Rewriting this summation gives

\[\begin{align} 2iS &= \sum_{n=1}^{\infty} \left( \frac{1}{n-1-i} - \frac{1}{n-1+i} \right)\\ &=\sum_{n=1}^{\infty} \left( \frac{1}{n} - \frac{1}{n-1+i} \right)-\sum_{n=1}^{\infty} \left( \frac{1}{n} - \frac{1}{n-1-i} \right). \end{align}\]

By the series representation of the digamma function, this is just

\[\begin{align} 2iS &=\psi(i)-\psi(-i)\\ &=\psi(i)-\psi(1-i)-\dfrac{1}{i}\\ &=-\pi \cot(i\pi)+i\\ &=\pi i \coth(\pi)+i. \end{align}\]

Simplifying further, we get

\[S= \dfrac{1+\pi\coth(\pi)}{2}\implies S=\dfrac{\pi+1}{2} + \dfrac{\pi}{e^{2\pi}-1}.\ _\square\]

The \(n^\text{th}\) polygamma function is given by

\[\psi_n (s)= \dfrac{d^n}{ds^n} \psi(s)=\psi^{(n)}(s).\]

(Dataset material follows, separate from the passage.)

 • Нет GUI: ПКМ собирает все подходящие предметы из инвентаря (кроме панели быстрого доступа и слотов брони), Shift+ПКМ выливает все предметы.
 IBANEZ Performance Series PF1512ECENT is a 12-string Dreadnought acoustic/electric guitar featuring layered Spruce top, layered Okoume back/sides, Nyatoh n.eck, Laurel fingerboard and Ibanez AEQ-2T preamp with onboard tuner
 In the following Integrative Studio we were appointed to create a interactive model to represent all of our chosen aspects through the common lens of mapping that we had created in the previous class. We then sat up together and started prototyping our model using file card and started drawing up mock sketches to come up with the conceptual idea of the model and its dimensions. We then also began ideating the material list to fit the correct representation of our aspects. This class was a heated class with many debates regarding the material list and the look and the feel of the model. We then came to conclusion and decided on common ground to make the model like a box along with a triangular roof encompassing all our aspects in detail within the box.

We can get many properties from this; for example, by differentiating the series representation \(n\) times, we have

\[\psi_n(s)=(-1)^{n+1}n! \sum_{k=1}^\infty \dfrac{1}{(k+s-1)^{n+1}}=(-1)^{n+1}n! \sum_{k=0}^\infty \dfrac{1}{(k+s)^{n+1}}=(-1)^{n+1} n!\zeta(n+1,s),\]

where \(\zeta(n+1,s)\) is the Hurwitz zeta function. Putting \(s=1,\) we can get \(\psi_n(1)=(-1)^{n+1} n!\zeta(n+1).\)

From this, we can also get the Taylor series of the digamma function:

\[\begin{align} \psi(s)&=\sum_{n=0}^\infty \dfrac{\psi^{(n)}(1)(s-1)^n}{n!}\\ &=-\gamma+\sum_{n=1}^\infty \dfrac{\psi_n(1)(s-1)^n}{n!}\\ &=-\gamma-\sum_{n=1}^\infty (-1)^n\zeta(n+1)(s-1)^n\\ \psi(s+1)&=-\gamma-\sum_{n=1}^\infty \zeta(n+1)(-s)^n. \end{align}\]

We can differentiate the integral representation \(n\) times to get

\[\psi_n(s+1)=\int_0^1 \dfrac{\ln^n(x) x^s}{x-1}dx.\]

We can also do this to the functional equation to get

\[\psi_n(s+1)=\psi_n(s)+(-1)^nn! z^{-n-1}.\]

\[\sum _{ k=1 }^{ \infty }{ \dfrac { { \psi }^{ 1 }\left( k \right) }{ k } } =\sum _{ n=1 }^{ \infty }{ \dfrac { A }{ { n }^{ B } } } \]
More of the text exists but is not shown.